Decoded content of the ASN.1 DER format
The decoded content given by the ASN.1 DER decoder is
SEQUENCE (4 elem) INTEGER 1 OCTET STRING (32 byte) F904E9B00581F09BDA64E721CC89A13BB62839DDD5A01933E4BFC02C0BC18C22  (1 elem) OBJECT IDENTIFIER 1.2.840.10045.3.1.7 prime256v1 (ANSI X9.62 named elliptic curve)  (1 elem) BIT STRING (520 bit) 0000010001101101010101000011011001000101111101011001101011010110010011...
The header is encoded using sequence/integer and the curve is encoded using a context-specific tag (A[x]).

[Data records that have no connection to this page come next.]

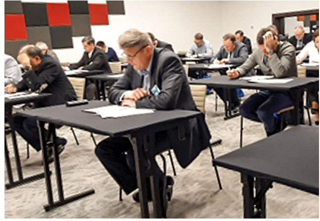
Egzamin do Certyfikatu z andrologii klinicznej. Konferencja PTA – 19. Dzień Andrologiczny, Kraków, 2017 r.

W grudniu 1994 r. PTA liczyło 190, a w grudniu 2019 r. – 258 członków zwyczajnych. Członkami PTA są lekarze, głównie o specjalizacjach ginekologia, endokrynologia, urologia, choroby wewnętrzne, a także diagnostyki laboratoryjnej, biolodzy, epidemiolodzy i lekarze weterynarii.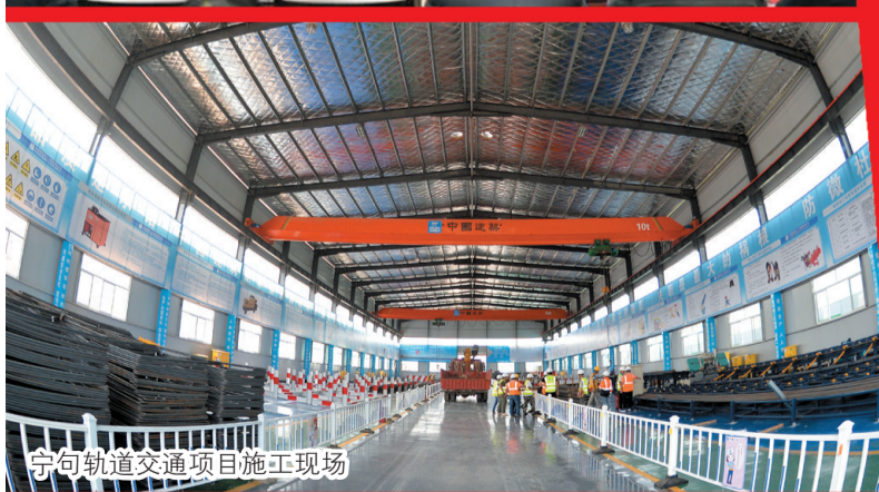
宁句轨道交通项目施工现场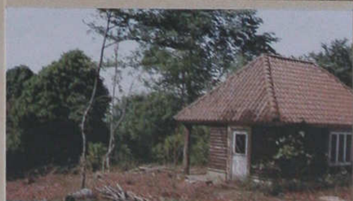
Lyshuset lå i den øverste del af Obels have. Blev nedrevet i slutningen af 1980'erne. Genopført i "KILDEPARKEN"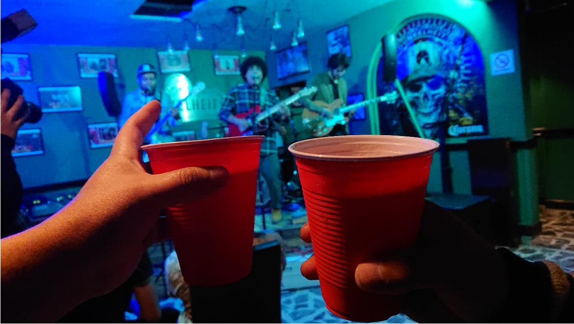
Ilustración 10. "Salud" entre recién conocidos. Julio de 2022

Luego, invocar este tipo de gestos involucra también una suerte de reglas en su proceder que, dependiendo de ser o no ser cumplidas adecuadamente y del tipo de relaciones que las personas involucradas mantengan, puede contraer consecuencias específicas para la creación de vínculos emocionales: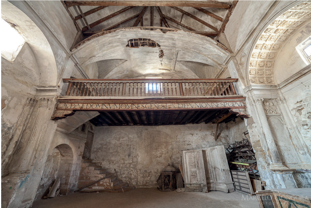
FIGURA 10. CORO ANTES DEL INICIO DE LAS OBRAS DE RESTAURACIÓN.

del destino (Hospital de San Antón Abad, Iglesia de San Juan de los Huertos, Arco del Santo Cristo...).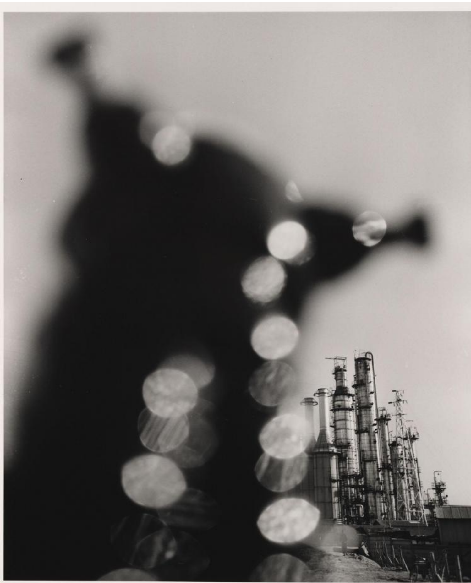
Shomei Tomatsu, Impianto petrolchimico. Yokkaichi, Mie, 1960 ©Shomei Tomatsu Estate, courtesy / PRISKA PASQUER, Cologne.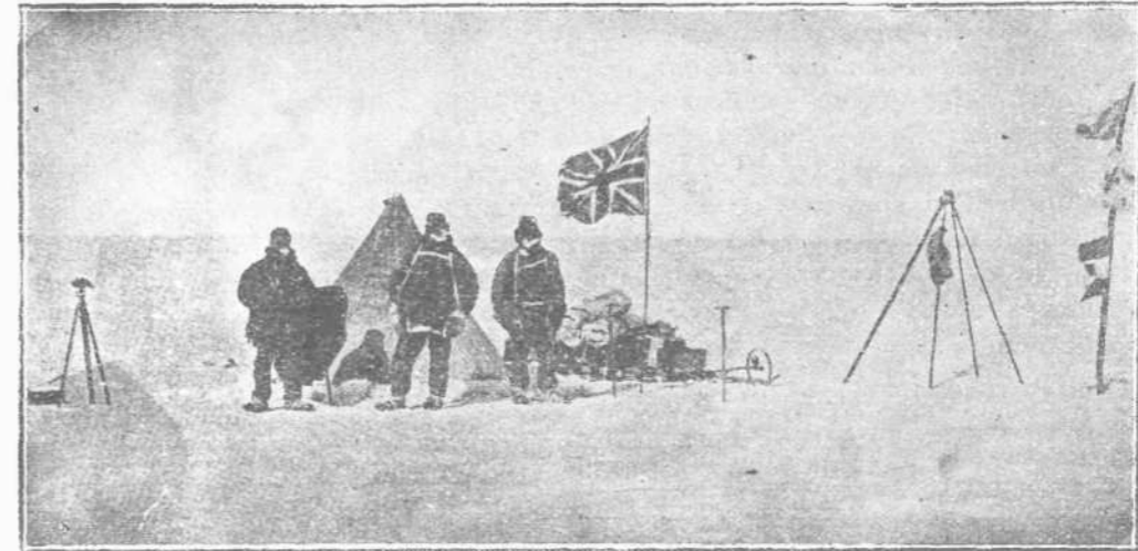
ΧΡΙΣΤΟΥΓΕΝΝΑ ΥΠΟ ΘΕΡΜΟΚΡΑΣΙΑΝ 27 ΒΑΘΜΩΝ ΥΠΟ ΤΟ ΜΗΔΕΝ !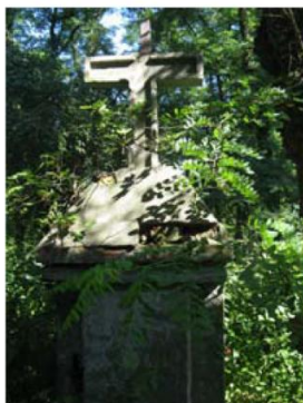
Cmentarz ewangelicki Grójec ul. Mogielnicka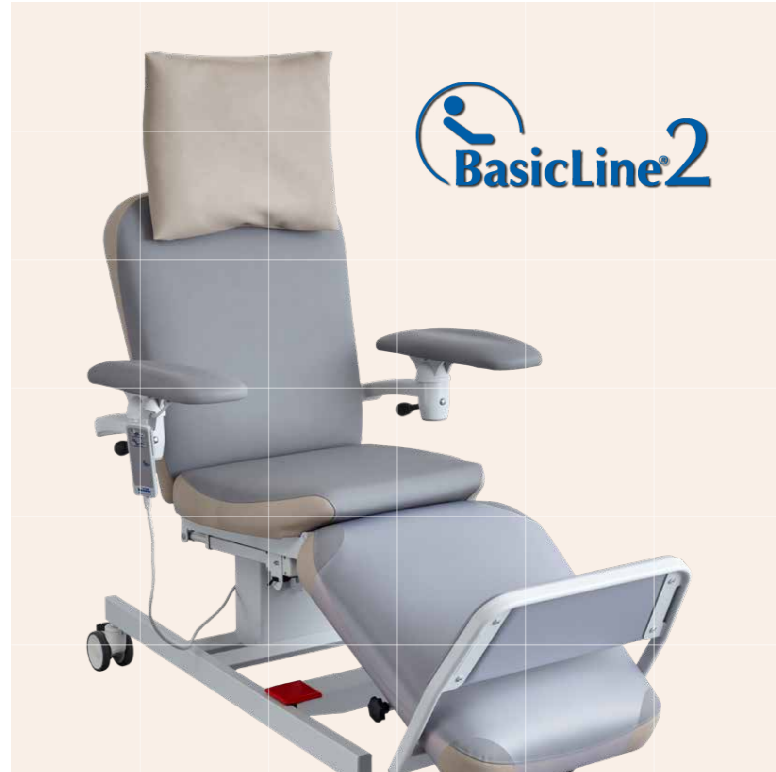
Abbildung enthält optionales Zubehör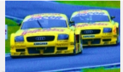
Christian Abt, Laurent Aiello, Mattias Ekström und Martin Tomczyk: Am Start in der DTM 2001 auf Abt-Audi TT-R.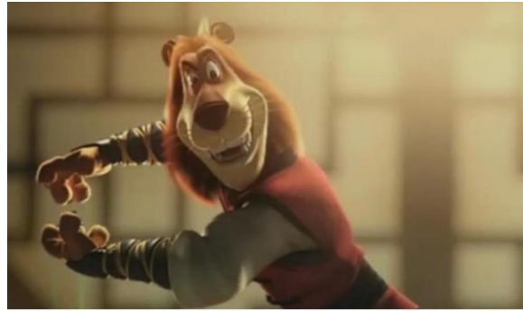
Gambar 2.5 TVC PADDLE POP

PT Future Mediatrix Group membangun cerita dan karakter yang akan disukai oleh target pasar Paddle Pop.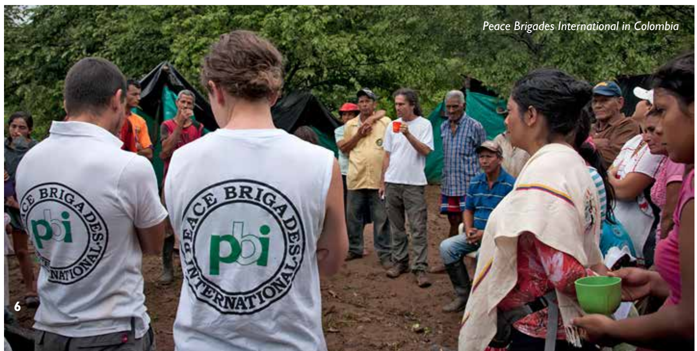
Peace Brigades International in Colombia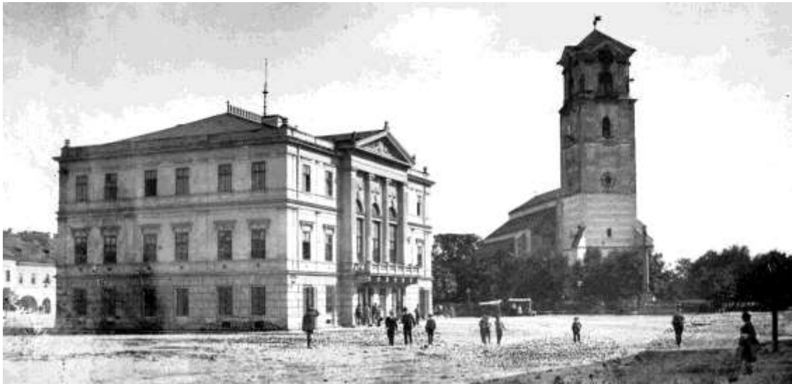
pohľad na radnicu a farský kostol z obdobia pred neogotickou prestavbou kostolnej veže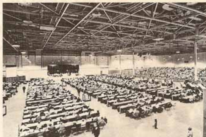
Vista de la Cámara de Diputados.

Convención. 6,400 personas llenaron el auditorio donde se llevó a cabo la misa en un altar central y en 7 altares a lo largo del auditorio. El Obispo presidente fue el celebrante principal. El sermón estuvo a cargo del muy Reverendo Donald Coggan, Arzobispo de Cantorbury, quien enfatizó la necesidad para una misión mundial de la Iglesia y el papel que los 96,000,000 de dólares dentro del programa Aventuras para Misión desempeñarían en la expresión misionera.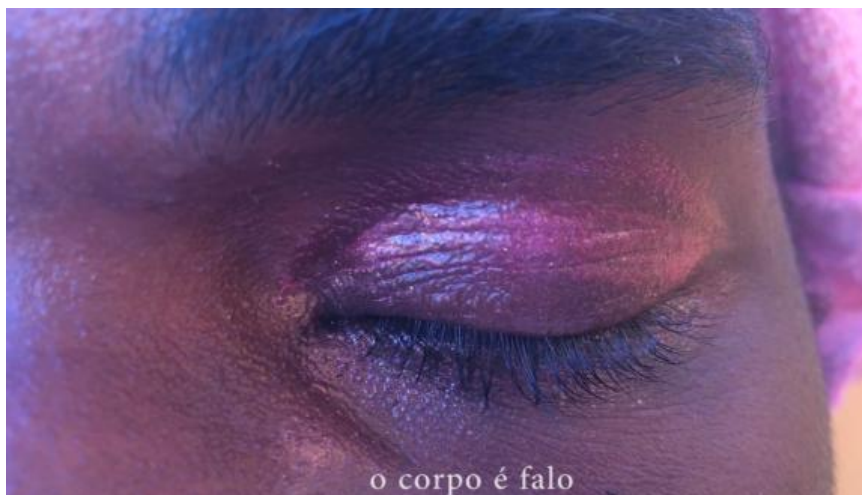
FIGURAS 5,6 E 7

Stills do vídeo Close de bixa preta , Nelson Almeida, 2016, acervo do artista.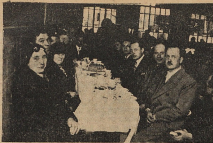
Nekaj obrazov z čajanke na Cirilovo nedeljo na Paternalu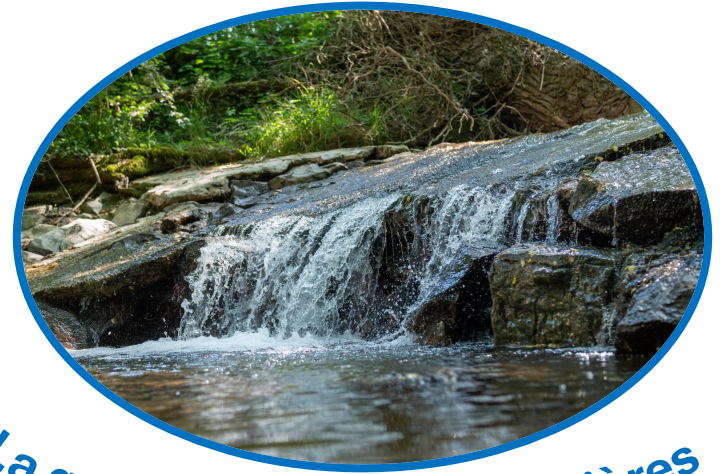
La qualité de l'eau des rivières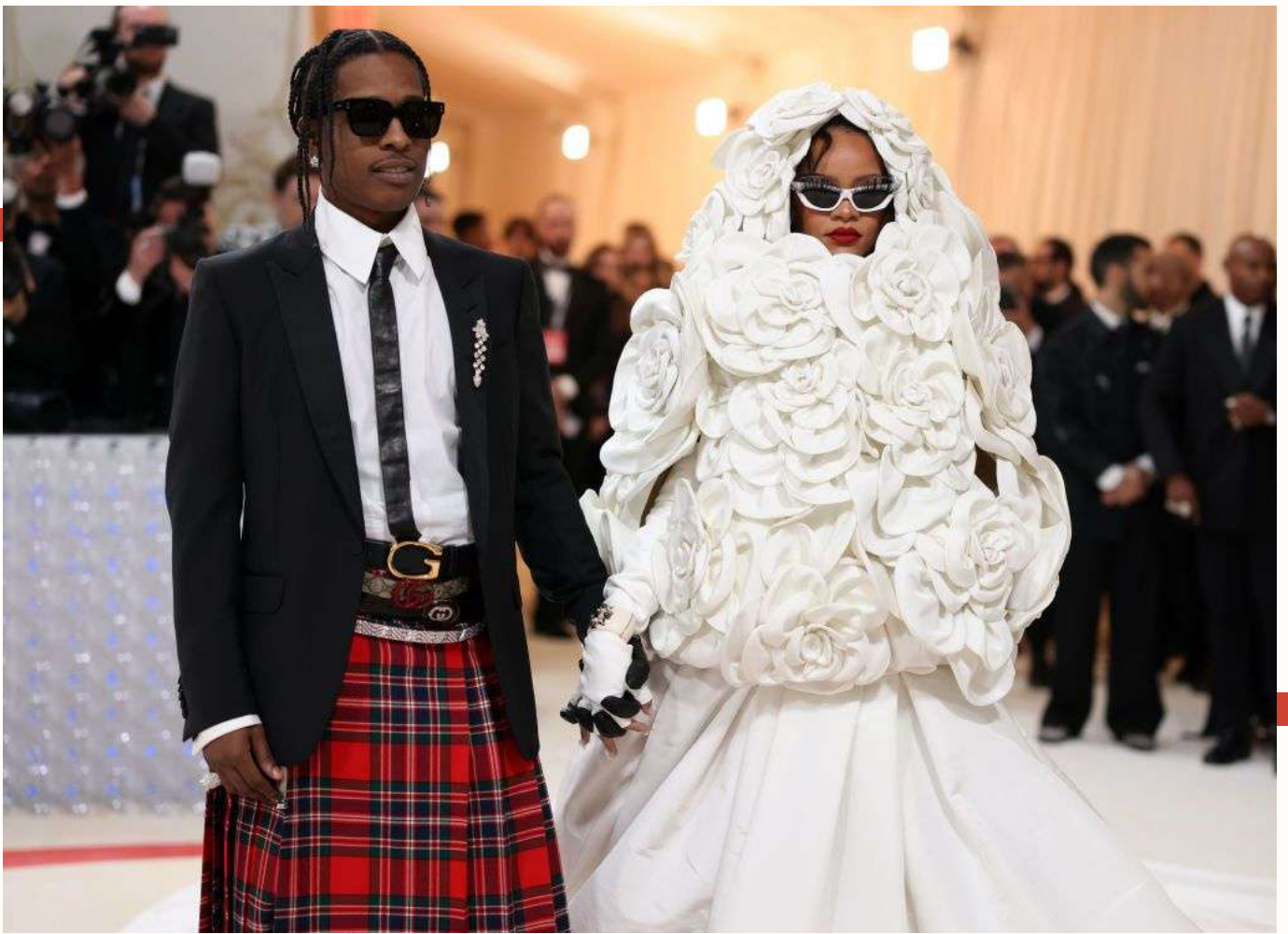
A$AP Rocky and Rihanna attend the 2023 Met Gala.

Rihanna , la chanteuse à succès, actrice, styliste et femme d'affaires, enceinte de son deuxième enfant ne laissa pas présager son look: une impressionnante robe blanche Valentino avec d'imposantes fleurs sur le haut et la capuche.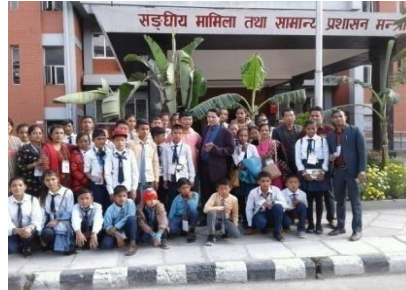
धनकुटा नगरपालिका वडा नं. ९ स्थित बालबालिकाहरूको अध्ययन भ्रमण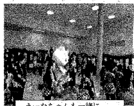
えなちゃんも一緒に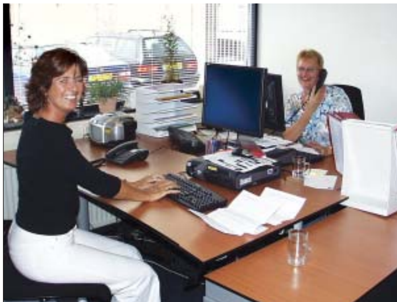
Aan de RIO-telefoon worden veel vragen beantwoord en start het proces van indicatiestelling.

Op basis van de boedelbeschrijvingen van de RIO's zijn de (ambtelijke) gesprekken met het CIZ gestart over de boedeloverdracht. Die gesprekken moeten leiden tot een boedelprotocol op grond waarvan gemeenten worden geacht om het CIZ vanaf volgend jaar aan te wijzen als het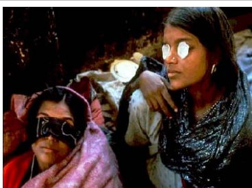
Bhopal, Índia - 1984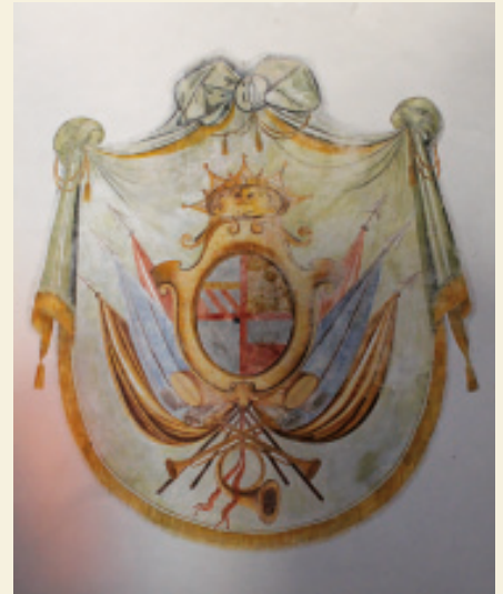
Stemma della famiglia nella Sala del Trono – ricevimento del Barone.

Oggi, 2016, questo Patrimonio attende la consegna dei lavori dei restauri di tipo conservativo e in parte ricostruttivo ; la dimensione del complesso edilizio, la sua articolazione in corpi, le differenti caratteristiche spaziali dei vari ambienti che li costituiscono, suggeriscono destinazioni d'uso anch'esse differenziate ma suscettibili di una gestione relativamente unitaria. L'utilizzazione che sembra più consona all'edificio è quella di polo culturale. In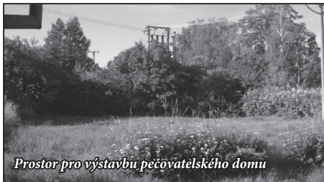
Prostor pro výstavbu pečovatelského domu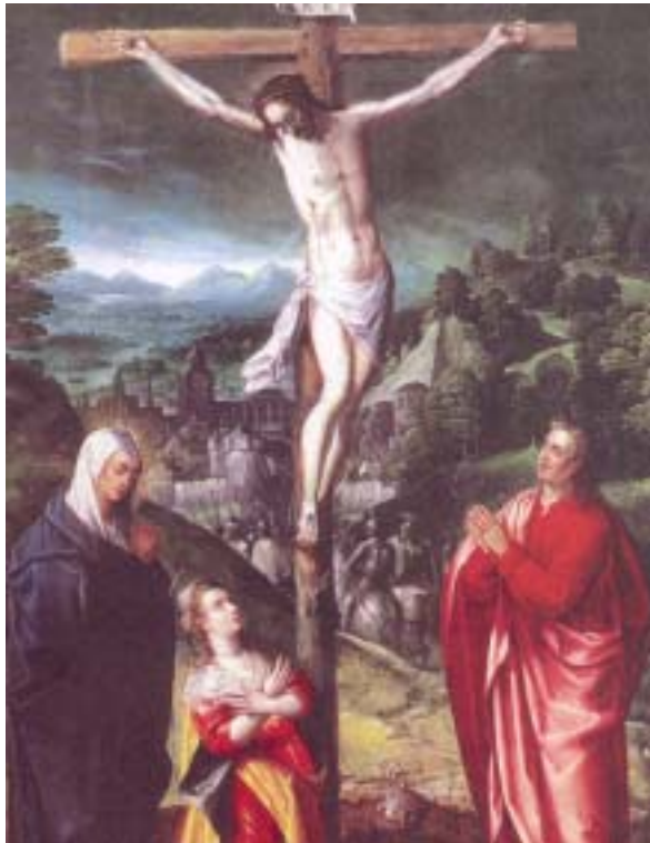
„La Crucifixion“ Art Flamand - Musée de L' Assistance Publique - Hopitaux de Paris - Girodon (Ausschnitt)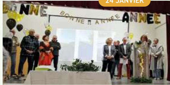
Les élus face aux Diracais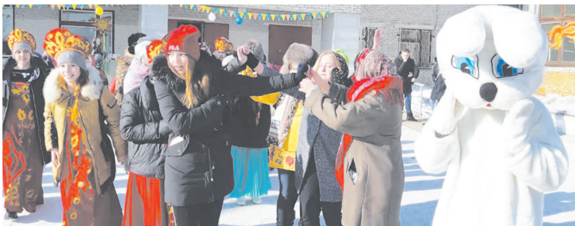
Красочные костюмы, ростовые фигуры, весёлые игры создали праздничное настроение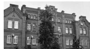
г. Пермь, ул. Коммунистическая, д. 23

кандидат экономических наук, Пермская ГСХА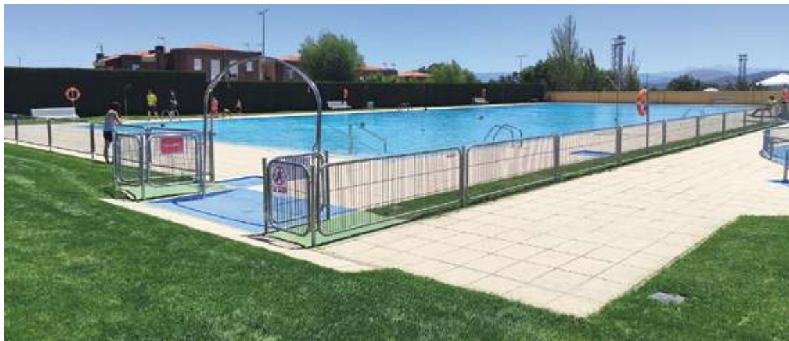
Las instalaciones en Guijuelo han sufrido mejoras en los accesos, sin cambios en los vasos

Las piscinas municipales de Guijuelo, Endrinal y Los Santos abrieron a finales de junio. Ledrada, Santibáñez de Béjar y Sorihuela abren a primeros de julio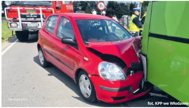
fol. KPP we Włodawie

● GM. WOLA UHRUSKA W czwartek (8 maja) po południu w Uhrusku doszło do poważnego zdarzenia drogowego. Kierujący toyotą yaris 64-latek z niewiadomych przyczyn zjechał nagle na przeciwny pas ruchu i czołowo zderzył się z autobusem. Mężczyzna z obrażeniami ciała trafił do szpitala.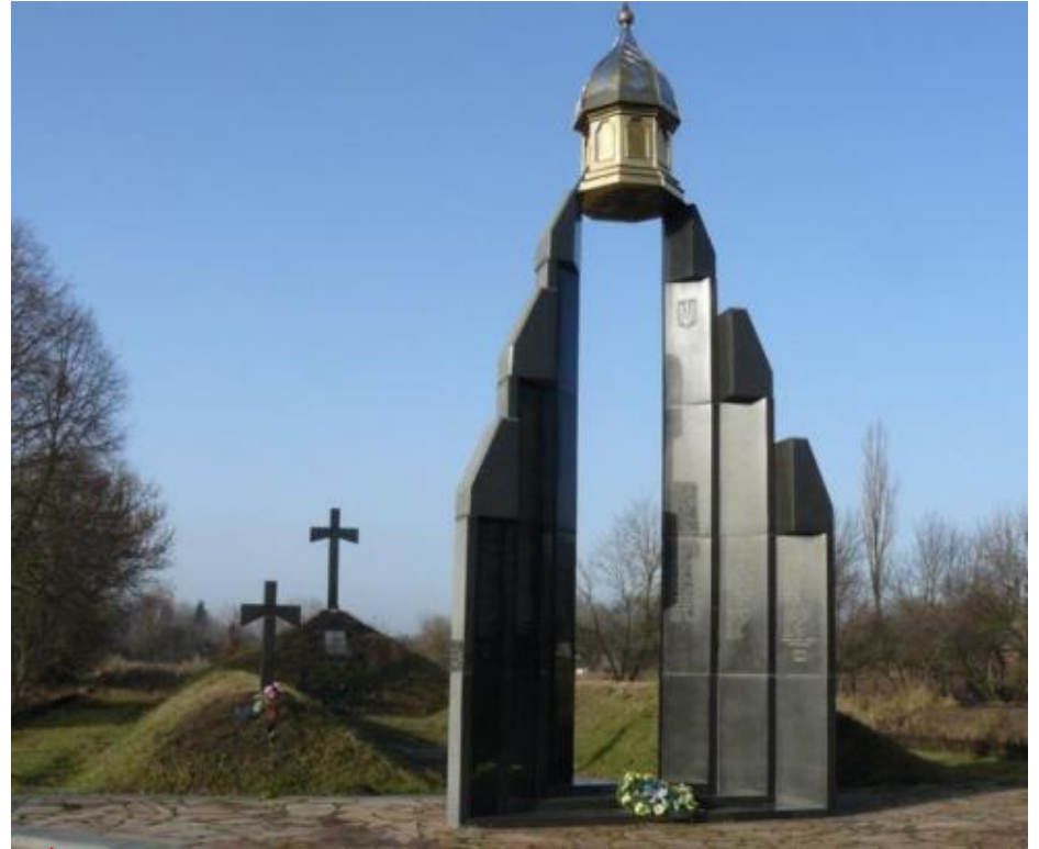
Меморіал пам'яті Героїв Базару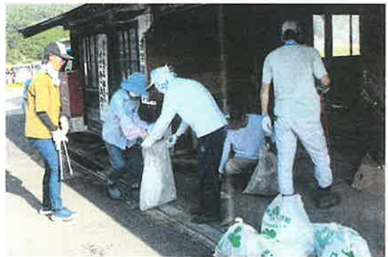
〔中上林地区〕公民館清掃作業

The private key is encoded as
04 20 F9 04 E9 B0 05 81 F0 9B DA 64 E7 21 CC 89 A1 3B B6 28 39 DD D5 A0 19 33 E4 BF C0 2C 0B C1 8C 22
whose bytes mean:
- 04 represents the type OCTET STRING
- 20 represents the length: the following 0x20 (or 32) bytes are contained in this octet string
- the rest is the private key itself
The public key is encoded, within a context-specific tag (A1 44), as
03 42 00 04 6D 54 36 45 F5 9A D6 4E 94 F1 12 2B 9C A2 B3 69 BF 0B F8 58 B0 C9 7A 75 06 DE 02 90 7A D3 E2 FD 3D 65 D4 4D B6 45 9B 92 3F 59 87 B1 2B AC E2 2B 5E 18 49 3B F3 A0 31 6A 15 E3 7B 87 75 D4 8E C1
whose bytes mean:
- 03 represents the type BIT STRING
- 42 represents the length (short form because bit 8 is zero): the following 0x42 bytes are contained in this bit string
- 00 represents the number of unused bits at the end of the bit string; as all bits are used, there are no unused bit
- 04 means uncompressed key
- the rest is the public key itself
ASN.1 DER and PEM are easily convertible from one to the other. The PEM format is easier to display on the screen or to include in an e-mail while the ASN.1 DER format is closer to the byte representation and may be easier to handle in a lightweight software used on a microcontroller.